In the interest of time, each pass against the full collection was evaluated using 10% of the test queries.

Here's the results of speed (QPS) vs relevance (NDCG@5). I've omitted the synthetic datasets since they are much easier, to the point of being uninformative – that is, many many combinations of parameters score a perfect 1.0. See the ColPali paper for details on how the datasets were created.

Results graph

Drilling into results grouped by doc pool factor (charts at the end), we can summarize as:

  • arxivqa: dpool=3 effectively ties with dpool=1. dpool=2 also comes close.
  • docvqa: all pooling options looses significant accuracy compared to dpool=1 (dpool=2 and dpool=3 come closest, maxing out at 0.596 vs 0.678)
  • Infovqa: dpool=2 effectively ties with dpool=1
  • shiftproject: dpool=2 and dpool=3 come close to dpool=1
  • tabfquad: all the pooled indexes outperform dpool=1 by significant margins (maxing out at 0.974 for dpool=3 vs 0.925 for dpool=1)
  • tatdqa: dpool=2 and dpool=3 outscore dpool=1 (0.784 vs 0.753); the others lag behind

Grouping by query embeddings pooling, we see

  • arxivqa: qpool=0.03 notches slightly better NDCG than qpool=0.01 while being 3x faster (when paired with dpool=3)
  • docvqa: qpool=0.03 maxes out at significantly higher NDCG than 0.02 or 0.01
  • infovqa: max relevance effectively tied, but qpool=0.01 gets there with dpool=2, so it is 2x faster
  • shiftproject: qpool=0.03 is close to strictly superior to the others, hitting higher throughput at the same relevance by doing better with higher dpool values
  • tabfquad: a mixed bag, all three qpool options do better at some points on the qps/ndcg tradeoff curve
  • tatdqa: this time it's qpool=0.01 that is (nearly) strictly superior to the others by taking advantage of higher dpool

On balance, I think it's reasonable to leave the same defaults in place as with text-based ColBERT (doc pooling 2, query pooling 0.03), but one size does not fit all with ColPali and if you can build an evaluation dataset of your own you should do so, there is no other way to predict what the best tradeoff is for any given use case.

I've also left the defaults for n_ann_docs unchanged, even though ViDoRe sees better results with much smaller values (40 or 80, compared to 240 or more for BEIR).
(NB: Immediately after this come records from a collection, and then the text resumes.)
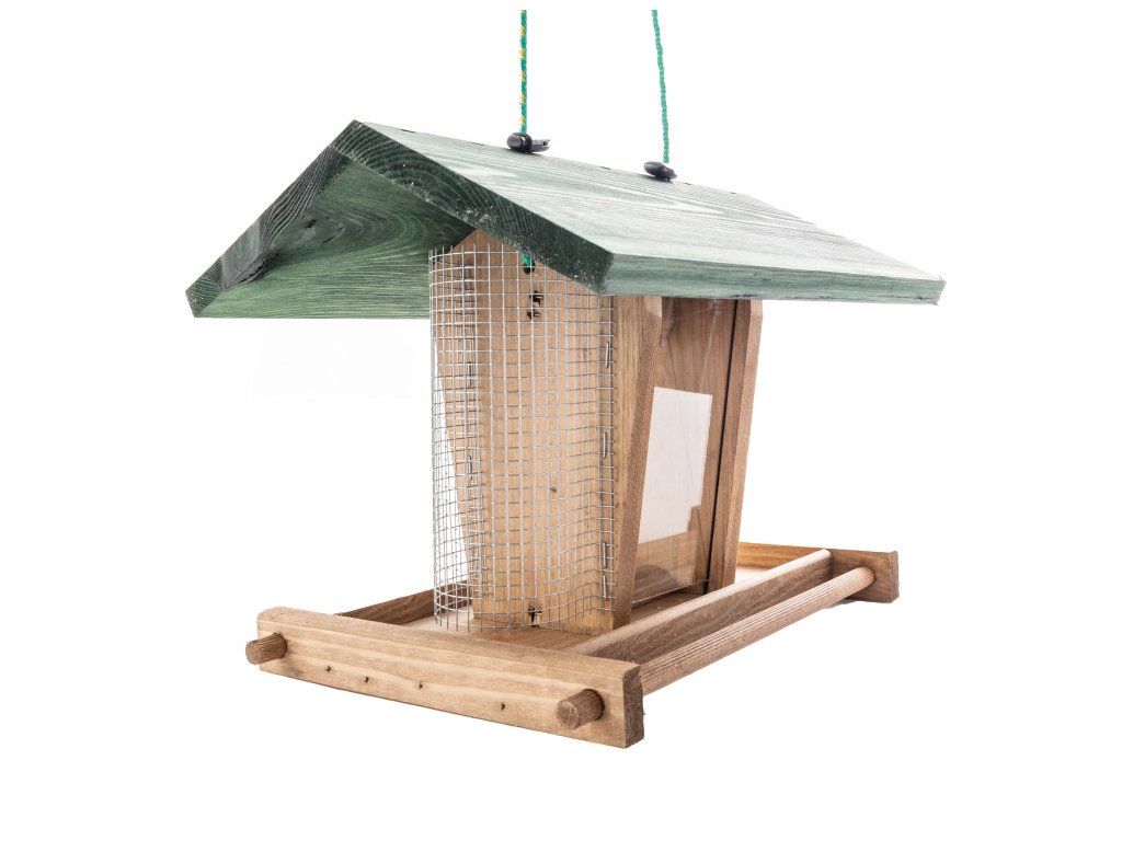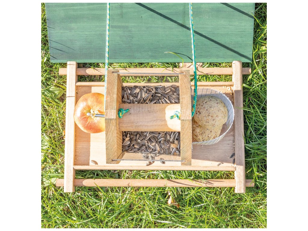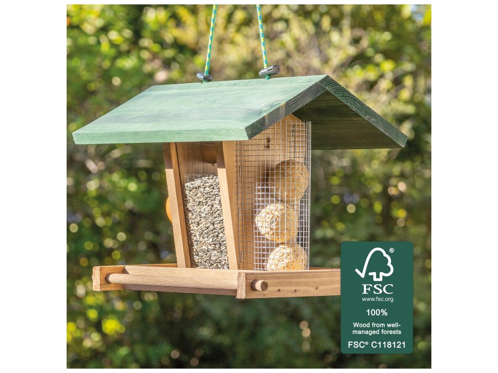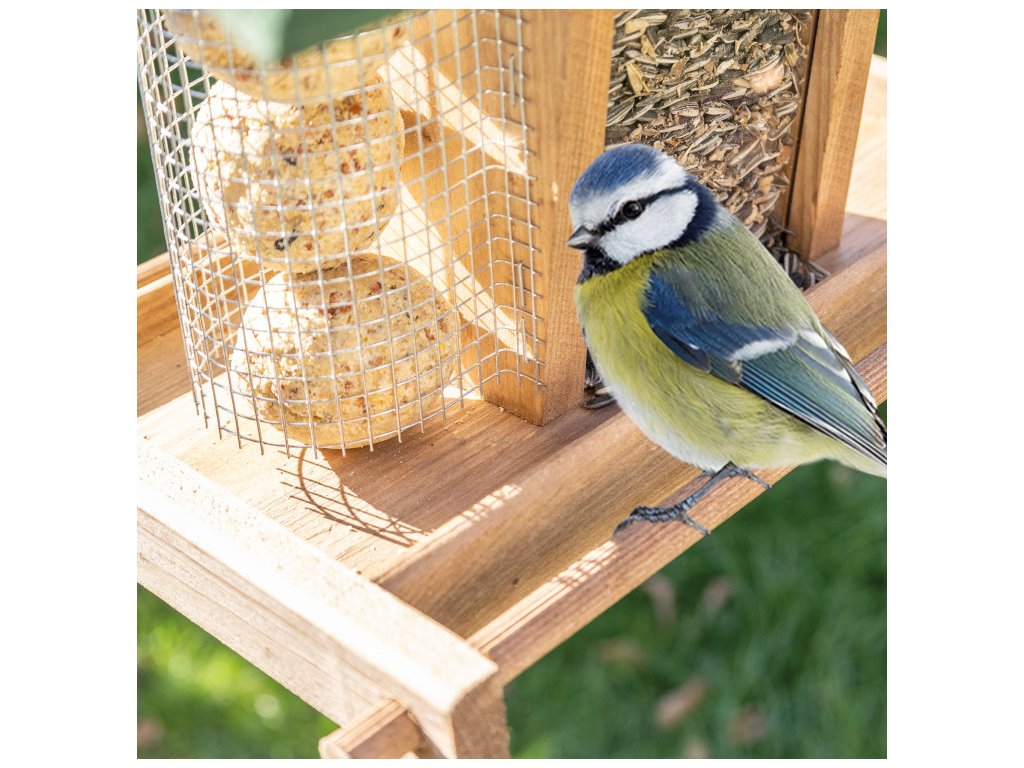 Kŕmidlo je možné rýchlo a jednoducho naplniť väčším množstvom krmiva – nie je teda potrebné ho neustále dopĺňať. Dopĺňanie je veľmi jednoduché – stačí zložiť strechu domčeka a pridať nové dobroty, ako sú lojové gule, orechy či podstielka. Vďaka pevným plexisklám ľahko uvidíte, kedy je potrebné kŕmidlo znovu doplniť. Krmivo je zároveň ideálne chránené pred vlhkosťou. Malí návštevníci, ako vrabce, červienky a iné vtáčiky, sa môžu usadiť na dvoch bočných bidlách a pohodlne zobkať zrno zo sila.
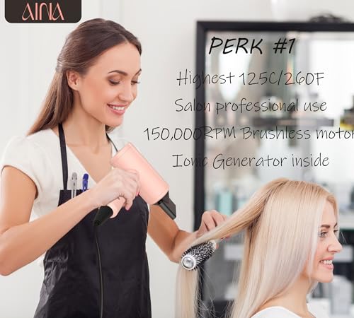 AINA Pro Salon Hair Dryer(New tech),2200W Blow Dryer with Diffuser Comb for Women | BLDC Hair Dryer | Brushless Motor 150,000 RPM | Ionic | LED Display | 4 Magnetic Attachments 230V/BS(Baby Pink)
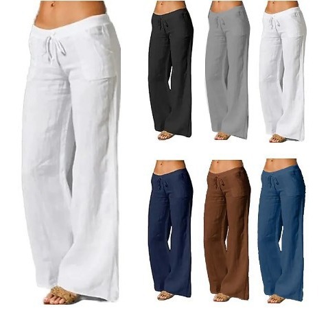 بقعة 2023 جديد انفجارات أمازون المرأة منتصف الخصر بنطال ذو قصة أرجل واسعة كبير القدم جيب القطن والكتان سراويل تقليدية
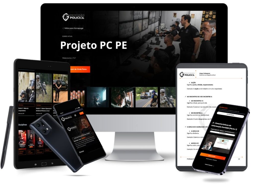 Esteja pronto para um próximo edital através de um curso completo e especializado na Polícia com videoaulas, PDFs e questões. Vamos te guiar do início da sua jornada até a sua aprovação no Concurso PC PE!
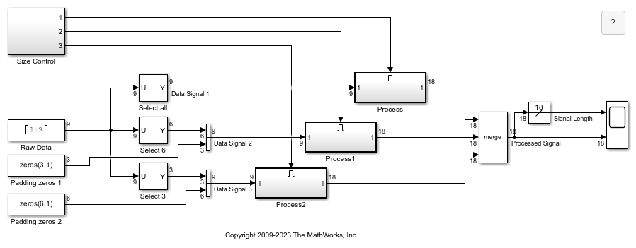 该模型对应于一个假设的系统,其中信号的长度随时间而调整。在任何给定的时间点,尺寸选择子系统根据控制信号值的范围将信号长度设置为三、六或九个元素。

I believe this is simply the result of testing against a much smaller dataset: when n_ann_docs is a significant fraction of the dataset size, you end up giving "partial credit" for matches to images that in fact are not relevant.

Under the hood: pytorch vs C++ for maxsim computation

The libraries for ColBERT and ColPali (colbert-ai and colpali-engine, respectively) have a lot in common, since they are both doing multi-vector search (and ColPali is explicitly inspired by ColBERT). However, they have different approaches to computing the maxsim score between query and document vectors:

  1. ColBERT is designed to score a single query at a time; ColPali is designed to score batches
  2. ColBERT uses PyTorch dot product + sum methods on GPU, and a custom C++ extension on CPU
  3. ColPali uses PyTorch einsum for both GPU and CPU

At first I thought that of course it would be better to use ColBERT's C++ extension on CPU for both text and image search. But testing surprised me:

  1. The einsum approach was just as fast as the custom C++ on CPU
  2. CPU is not appreciably slower than GPU at computing maxsim scores

(2) is not enough for me to recommend running image searches on CPU only (since you still have to compute query embeddings, which is faster on GPU), but it does highlight that the overhead of moving data to the GPU and starting CUDA kernels is very high, even for operations like massively parallel dot products and sums that GPUs are good at.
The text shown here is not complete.